◆ DATA SUPPLIED:
● ● ●
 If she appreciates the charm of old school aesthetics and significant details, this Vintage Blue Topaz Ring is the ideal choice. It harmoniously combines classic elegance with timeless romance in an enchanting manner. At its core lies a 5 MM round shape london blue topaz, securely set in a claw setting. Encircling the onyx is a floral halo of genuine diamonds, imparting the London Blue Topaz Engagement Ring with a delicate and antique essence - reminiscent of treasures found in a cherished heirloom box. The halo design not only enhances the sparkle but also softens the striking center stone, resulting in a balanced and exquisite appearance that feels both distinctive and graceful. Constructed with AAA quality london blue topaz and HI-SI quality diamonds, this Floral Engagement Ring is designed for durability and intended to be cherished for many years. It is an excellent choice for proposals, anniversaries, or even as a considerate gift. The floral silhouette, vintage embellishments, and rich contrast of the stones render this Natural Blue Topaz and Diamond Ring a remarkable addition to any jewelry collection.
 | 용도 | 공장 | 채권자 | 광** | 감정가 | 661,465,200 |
● ● ●
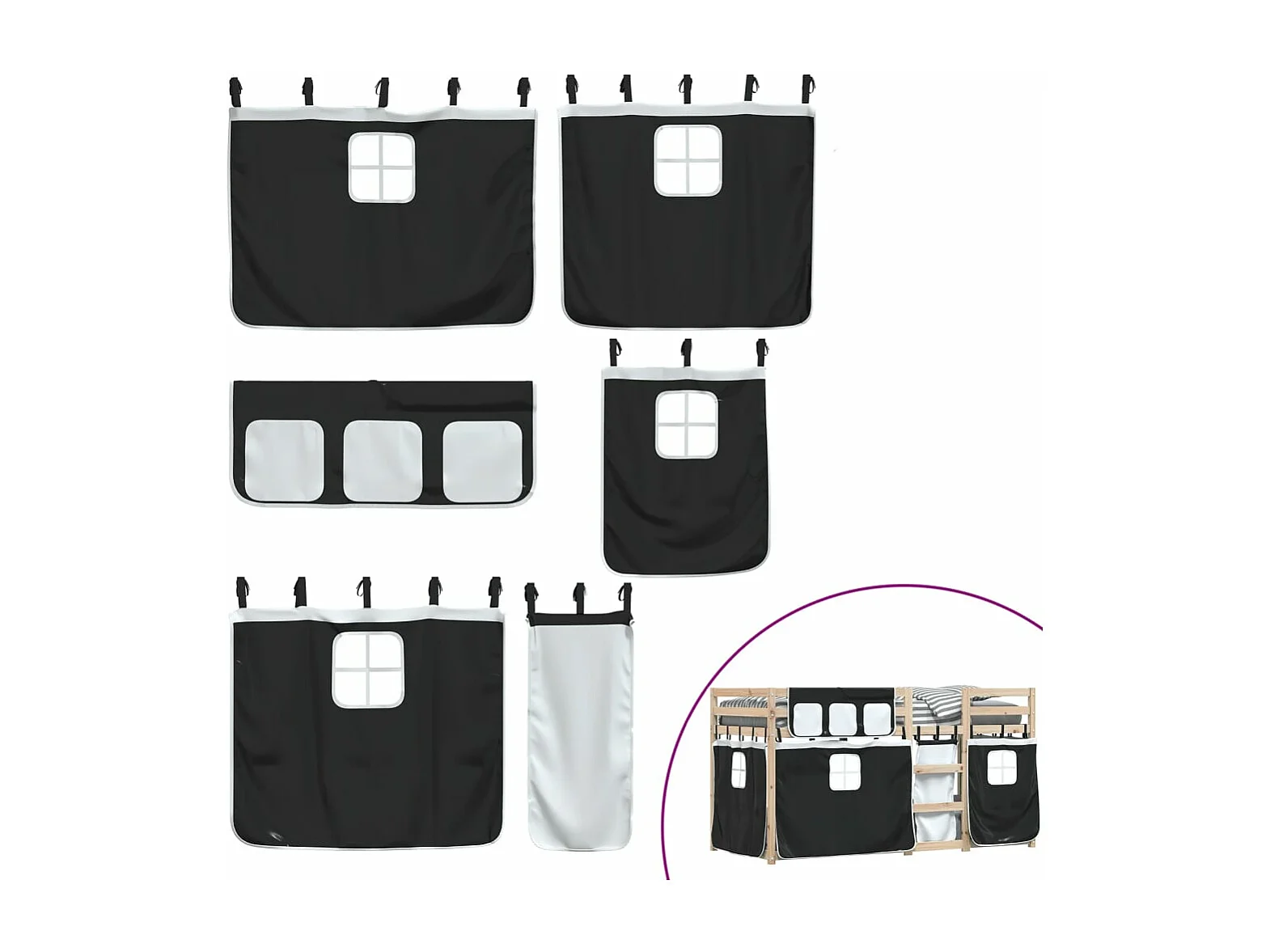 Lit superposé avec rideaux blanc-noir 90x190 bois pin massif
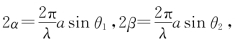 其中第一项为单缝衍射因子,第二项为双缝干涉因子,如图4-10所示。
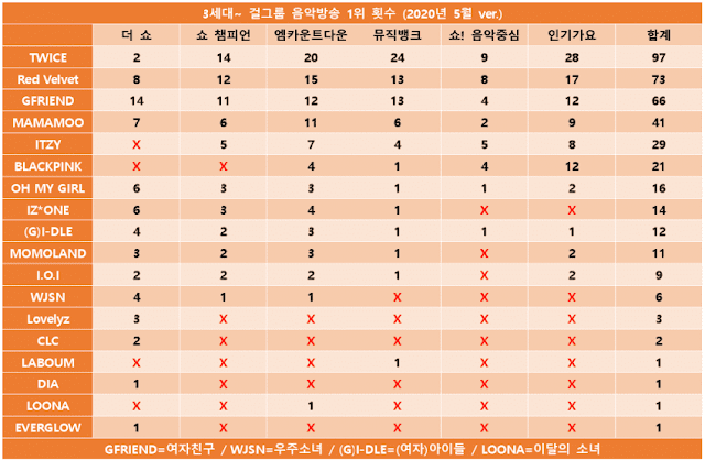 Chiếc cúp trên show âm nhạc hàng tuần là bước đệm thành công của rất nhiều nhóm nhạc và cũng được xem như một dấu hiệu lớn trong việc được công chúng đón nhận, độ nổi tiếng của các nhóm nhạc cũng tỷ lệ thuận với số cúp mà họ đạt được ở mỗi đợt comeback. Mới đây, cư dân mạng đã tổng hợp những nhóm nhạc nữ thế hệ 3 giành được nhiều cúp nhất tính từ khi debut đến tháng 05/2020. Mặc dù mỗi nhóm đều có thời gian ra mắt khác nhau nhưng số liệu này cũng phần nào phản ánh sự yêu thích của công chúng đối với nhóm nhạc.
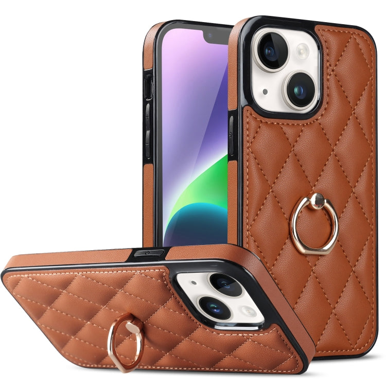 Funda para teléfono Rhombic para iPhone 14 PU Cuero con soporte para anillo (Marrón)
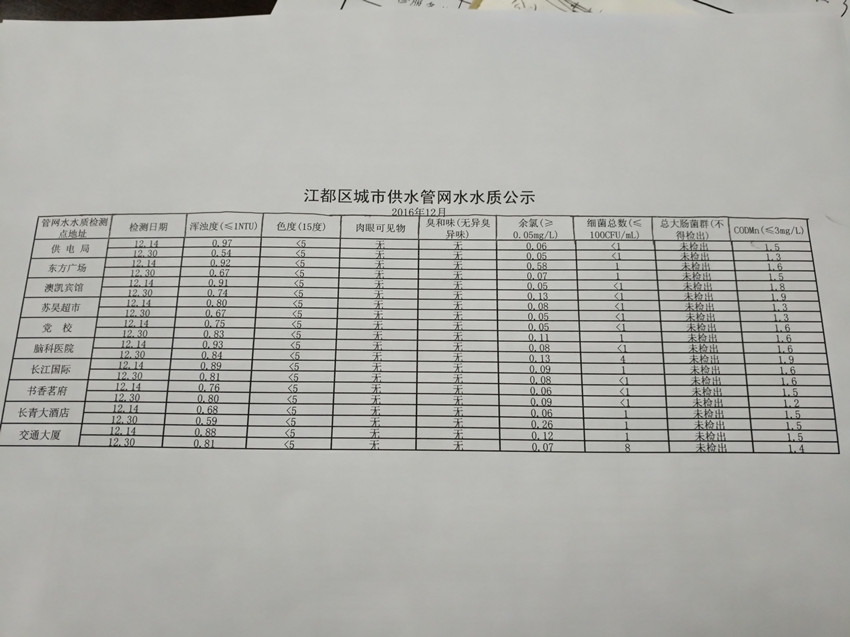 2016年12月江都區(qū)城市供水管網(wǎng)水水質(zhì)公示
● ● ●
◆ TASK INSTRUCTIONS: Transcribe, exactly and without additions, the lines of the records above, beginning with the line that contains "If she appreciates" and ending with the line that contains "감정가 | 661,465,200 |", both included.

◆ SOLVED EXERCISE:
 If she appreciates the charm of old school aesthetics and significant details, this Vintage Blue Topaz Ring is the ideal choice. It harmoniously combines classic elegance with timeless romance in an enchanting manner. At its core lies a 5 MM round shape london blue topaz, securely set in a claw setting. Encircling the onyx is a floral halo of genuine diamonds, imparting the London Blue Topaz Engagement Ring with a delicate and antique essence - reminiscent of treasures found in a cherished heirloom box. The halo design not only enhances the sparkle but also softens the striking center stone, resulting in a balanced and exquisite appearance that feels both distinctive and graceful. Constructed with AAA quality london blue topaz and HI-SI quality diamonds, this Floral Engagement Ring is designed for durability and intended to be cherished for many years. It is an excellent choice for proposals, anniversaries, or even as a considerate gift. The floral silhouette, vintage embellishments, and rich contrast of the stones render this Natural Blue Topaz and Diamond Ring a remarkable addition to any jewelry collection.
 | 용도 | 공장 | 채권자 | 광** | 감정가 | 661,465,200 |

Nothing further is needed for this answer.